Меня, не отстёгивая, прямо на носилках, перенесли на стол.
– Не дёргайся, – повторил удавленник. – Только хуже будет.
– Чем ты быстрее признаешь её власть, тем быстрее всё кончится. Тебе стоит только сказать, что ты принимаешь её власть и хочешь остаться – и всё, – обдав меня запахом осеннего деревенского подпола, сказал поэт, наклонившись к моему уху. – Не сложно, правда?
Ага! Значит, не всё потеряно! Я им зачем-то нужен, и я должен сам захотеть здесь остаться. Выходит, у меня есть шанс отсюда выбраться. Ну уж нет, выкуси. Осмелев, я ответил:
– Иди на хрен.
Поэт совсем не разозлился, хмыкнув, он объяснил:
– Не надейся. Отсюда не сбежать. Хотел тебя от встречи с доктором уберечь. Но как хочешь.
– Да, доктор тебе доходчиво объяснит, чего ты стоишь, – поддержал мёртвого поэта удавленник.

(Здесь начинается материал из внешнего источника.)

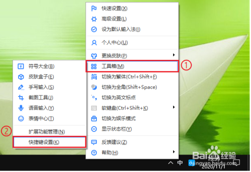右键点击使命栏上的“百度输入法图标”。

На прощанье поэт мне отвесил лёгкую, презрительную пощёчину, а удавленник сделал ручкой. Вот так попрощавшись, они ушли, век бы их не видеть. Дождавшись, когда стихнут их шаги, я стал пробовать освободиться. Ремни затянули на совесть, и сколько бы я не тряс руками, не дёргал ногами, они держали меня крепко, уверенно сдирая кожу, сжимая мясо и кости.